Alors, Enée occit les meilleurs de l’armée danaenne,/ les deux fils de Dioclès, Créthon et Orsiloque,/ dont le père menait à Phères, la ville solide,/ une vie d’opulence : il avait l’Alphée pour ancêtre,/ large fleuve coulant à travers la terre pylienne,/ qui conçut Ortiloque, le roi d’un peuple innombrable ;/ Ortiloque enfanta Dioclès le héros magnanime,/ qui, à son tour, engendra deux frères jumeaux de naissance,/ Orsiloque et Créthon, rompus à toutes les luttes./ Dans la fleur de l’âge, embarqués sur leurs sombres navires,/ ils suivirent l’Argien pour Troie, poulinière féconde,/ pour, d’Agamemnon et de Ménélas Atréides,/ venger l’honneur.
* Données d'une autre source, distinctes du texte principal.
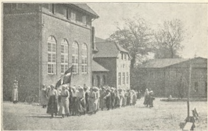
Afgang til Vejrhøj.

Sommerskolen indvarsledes med et antal tidlige indmeldelser fra Sønderjylland. De sønderjydske piger vilde i tide sikre sig plads. Deres antal løb efterhånden op til 28, så også sommerholdet blev på den måde præget af den ny tingenes tilstand. For resten var tallet på indmeldelser det største, vi nogen sinde har haft til sommerholdet, langt større end skolen på nogen måde kunde modtage. Også fra de nordiske broderlande fandt elever vej herved, 3 fra Island, 6 fra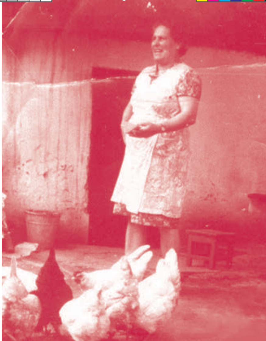
Z babcią przed domem. Lata 70.

się dopiero o czternastej. Stałam tam znudzona przez jakieś pół godziny, a tuż przed czternastą przychodziła babcia i stawiała przede mną w kolejce. Tym sposobem wracałyśmy do domu z dwiema kawami, bo przypadała jedna na głowę. W nagrodę dostawałam paczkę landrynek w kształcie księżyców oraz możliwość uczestniczenia w świętowaniu tego wydarzenia, czyli w organizowanych przez babcię spotkaniach z jej rówieśniczkami przy kawie i ciastku.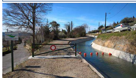
Portion du canal maître cuvelé à Villeneuve (entreprise MINETTO)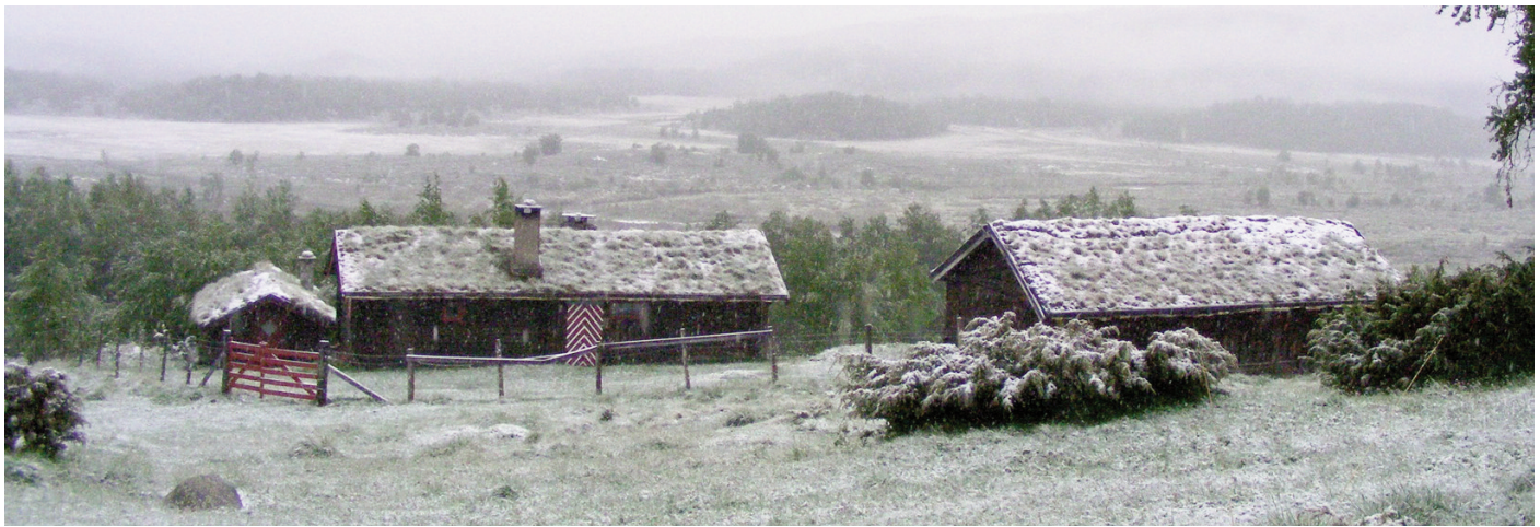
Bilde fra Listuvollen tatt 13. juni 2007 av Helge Ytterhaug. Den gangen la snøen et hvitt teppe over nyutsprunget gress. Vi håper på noe mildere vær i august, og ønsker alle hjertelig velkommen!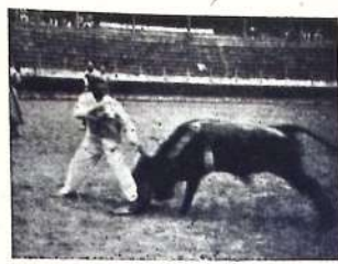
La gran estocada de Lozana al toro de su triunfo

Después del ágape se dió suelta a un bravísimo becerro de El Espinar al que torearon a placer una buena legión de comensales, entre los que se encontraba el hombre gordo, acreditado industrial minero de los predios sopuertanos. Toto perfumó el ambiente con unas chiclelinas muy ceñidas ciabogando en la misma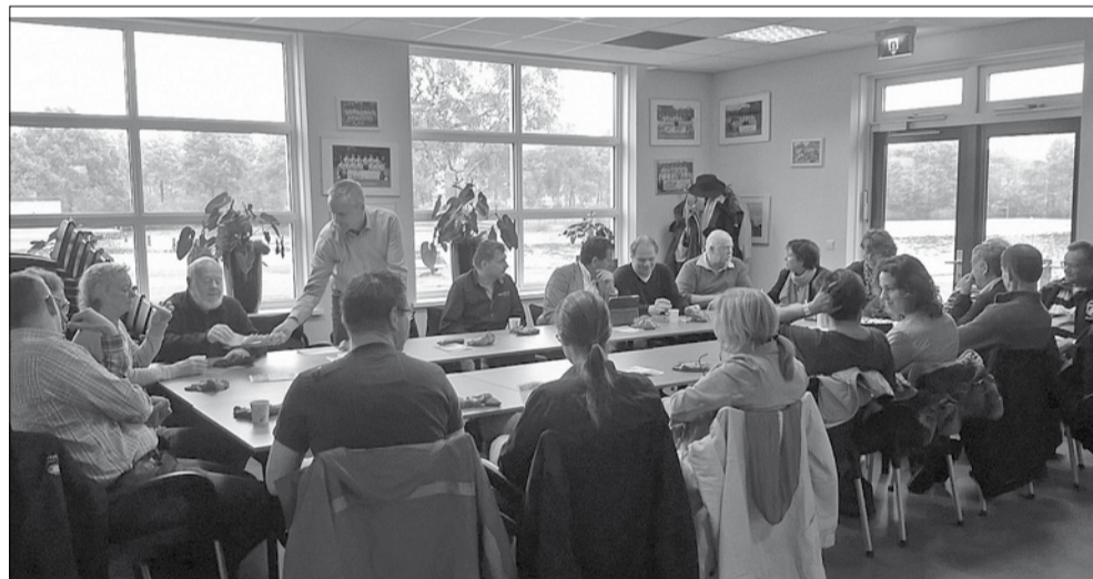
De raad op bezoek bij SVN '69

Tijdens de renovatie van het winkelcentrum in Nijeveen kwam er een grote partij straatstenen vrij. Omdat de parkeerplaats bij de sportvelden regelmatig een modderpoel is heeft het bestuur van de voetbalvereniging SVN'69 contact opgenomen met de gemeente en gevraagd of zij deze stenen mocht gebruiken voor het verbeteren van de parkeerplaats. Het bestraten zou dan door vrijwilligers gebeuren.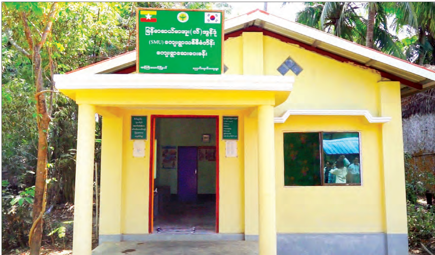
မြန်မာဆယ်မာအူး(လ်) အွန်ဒ် (SMU) ကျေးရွာသစ်စီမံကိန်းအဖြစ် ကန်ကြီးထောင့်မြို့နယ် ညောင်ချောင်းကျေးရွာဆေးပေးခန်းကို တွေ့ရစဉ်

“ပြည်သူတွေကို ပစ်ထားဘဲ အကောင်းဆုံးကြိုးစားပြီး ပြည်သူတွေကို အလုပ်အကျွေးပြုသွားမယ်ဆိုတာကို ပြောရပါတယ်” ဟု ပြောကြားခဲ့ပါကြောင်း။

Le trépas fatal les couvrit de son voile.1

C’est un véritable arbre généalogique que réalise l’aède dans son hommage aux deux guerriers morts. Si Malouf insiste sur le côté « problématique » de la filiation de ses personnages, nous n’en retrouvons pas moins la même création d’un lien des êtres décrits dans le temps et l’espace convoquant nécessairement les relations familiales de l’individu, cellule intermédiaire entre ce dernier et la communauté.

Le roman de l’auteur australien nous apparaît donc bien poursuivre un but épique dans sa manipulation du récit et de la parole.